WASHINGTON — Lawmakers say that they gave the Pentagon authority to pay death gratuities to survivors of service members killed in action in an emergency appropriations measure — and were shocked when the Defense Department suspended the payments.
Even as anger was directed at Defense Secretary Chuck Hagel’s “interpretation” of the bill from both sides of the aisle, a donor stepped in with an offer to cover the immediate payments to family members until the Defense Department decides to reimburse.
House Armed Services Committee Chairman Buck McKeon (R-Calif.) noted that Congress last week passed the Pay Our Military Act “with the express intent that all military pay and allowances would be dispersed during a government shutdown.”
That passed both chambers unanimously before being signed by President Obama on the eve of the shutdown.

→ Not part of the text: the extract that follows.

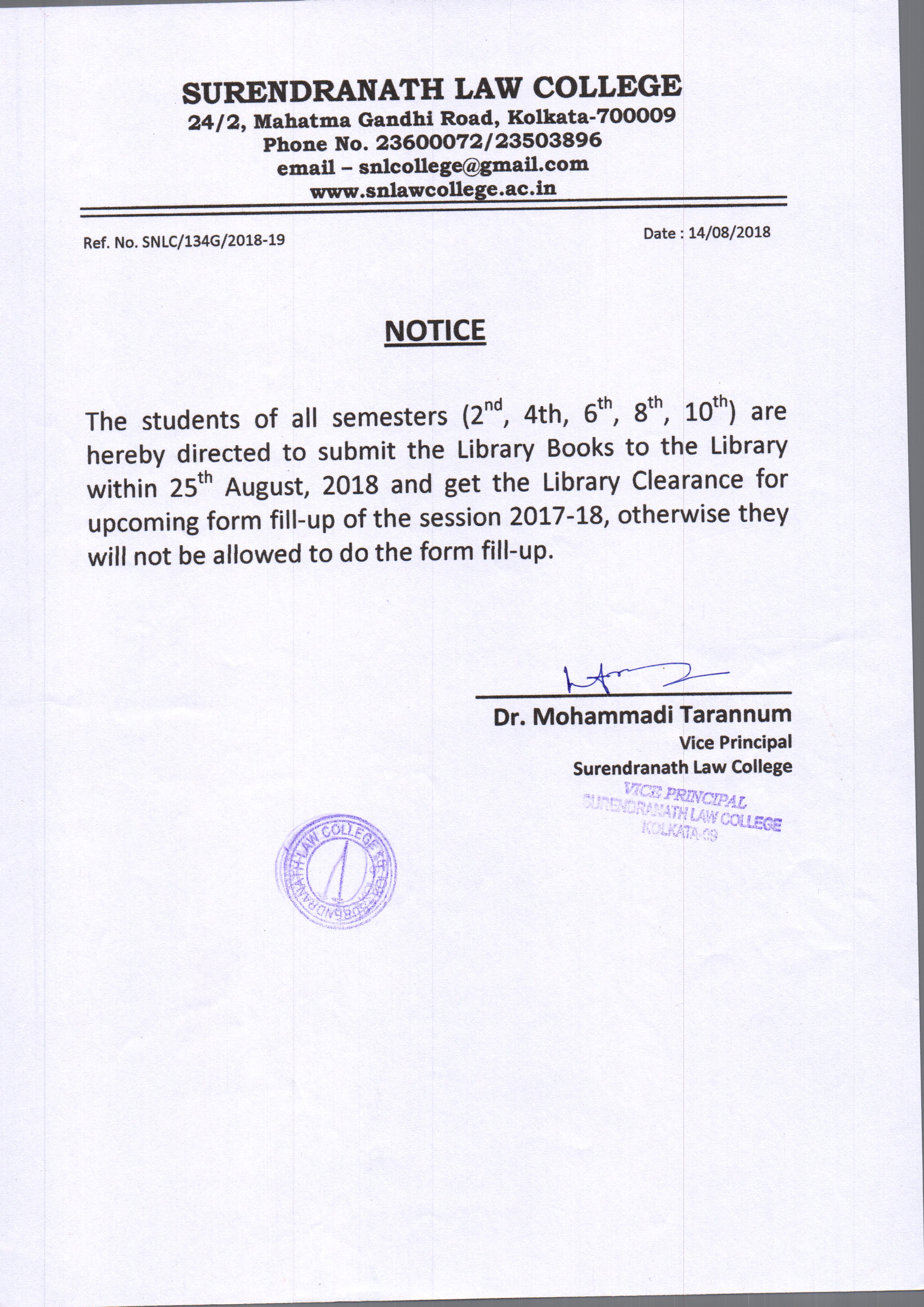 NOTICE_LIBRARY CLEARANCE_2, 4, 6, 8, 10TH SEM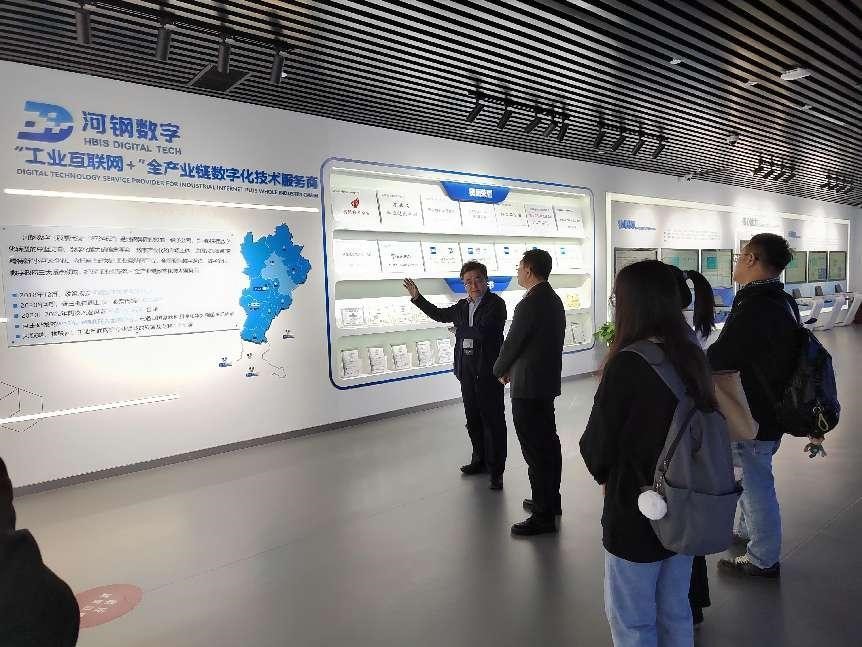 在河钢数字展厅,朱元嵩同志亲自向公司师生详细讲解了河钢集团与河钢数字的业务情况,公司师生也就钢铁生产全流程管理、钢铁工业互联网及其物联网、大数据、云计算、智能化子平台设计、运行应用与产业链上下游企业、多行业数字化平台推广、技术迭代等情况进行请教和交流。

The bill provides for “such sums as are necessary to provide pay and allowances to members of the Armed Forces” on active duty, essential civilian personnel and essential contractors.
“Judging by the Department of Defense’s own summary of those programs, we believed that ‘death gratuities’ would continue to go to the families of those heroes who made the ultimate sacrifice. Without question, that was our clear intent,” McKeon said.
“However, we can never let the welfare of our troops and their families become pawns in a political contest. If the Pentagon believes they need more explicit authority to disburse these payments, I am sure the House will provide it in very short order.”
Hagel confirmed yesterday that grieving families of war dead are not receiving the traditional payout from the Pentagon during the shutdown.
In a readout from yesterday’s meeting with the service secretaries and service chiefs the Defense Department noted “that despite the recall of most civilians, and the resumption of many activities across the Department of Defense, there are critical programs and benefits that remain halted.”
“For example, the department does not currently have the authority to pay death gratuities for the survivors of service members killed in action – typically a cash payment of $100,000 paid within three days of the death of a service member,” it continued.
Since the shutdown began, the Pentagon has identified five casualties in Operation Enduring Freedom.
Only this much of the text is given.